Os genocídios de Ruanda e Srebrenica, assim como o fracasso em consolidar regimes internacionais nas conferências da década de 1990, forçaram um diálogo maduro sobre as responsabilidades compartilhadas e a necessidade de conciliar segurança humana e segurança nacional. Além dos objetivos do milênio, substituídos pelos 17 objetivos de desenvolvimento sustentável (ODS), desenvolveram-se operações de paz robustas, justificadas pela Responsabilidade de Proteger, aprovada na Assembleia Geral da ONU em 2005. Por sua vez, o sucesso da experiência em Timor Leste alimentou esperanças de que se poderia apostar na capacidade da ONU de promover mudanças substantivas mediante esforços diplomáticos[6]. Finalmente, discutia-se seriamente a possibilidade de reformar o Conselho, especialmente quando o Brasil e a Índia se associaram à Alemanha e ao Japão, constituindo o G-4, em estreita articulação com a União Africana, com o objetivo de ampliar a legitimidade de um reformado e ritual Conselho de Segurança. Um par de anos depois, França e Reino Unido apoiaram a reforma com a inclusão do G-4, a favor de uma governança internacional mais eficaz.

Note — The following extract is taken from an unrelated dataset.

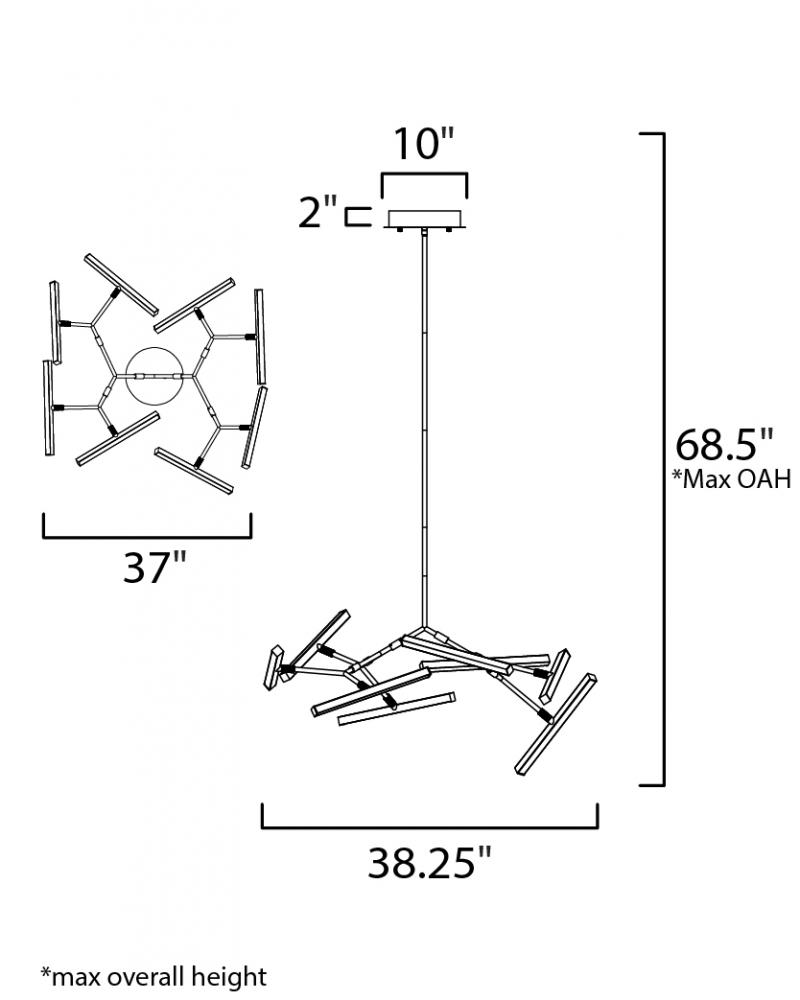 This unique design features arms that branch in multiple directions, both rotating and pivoting that allows light to be directed where needed. The Black finish is a dramatic contrast to the V shaped acrylic diffuser which disperses light in two directions

A reforma não ocorreu, mas o argumento em favor de compartilhar responsabilidades para produzir um mundo mais seguro estava lá. O referido relatório sintetizou avanços relativos à agenda de reforma da ONU. Em suas páginas, consolidou-se o diagnóstico de um mundo profundamente interdependente e carente de instâncias de governança eficazes e legítimas, e reconheceu-se a necessidade de enfrentar ameaças e vulnerabilidades, simultânea e sinergicamente, nos âmbitos global, regional e nacional, compartilhando responsabilidades entre países ricos e pobres, fracos e poderosos, já que ameaças terroristas, sanitárias (15 anos antes da pandemia de COVID-19) e ambientais afetam a todos indistintamente. Finalmente, sublinhava-se o vínculo entre segurança e desenvolvimento: sem esperança no futuro, a população dos países pobres tende a emigrar para os países mais desenvolvidos e torna-se mais vulnerável diante das organizações criminosas transnacionais. É o mundo em que vivemos hoje.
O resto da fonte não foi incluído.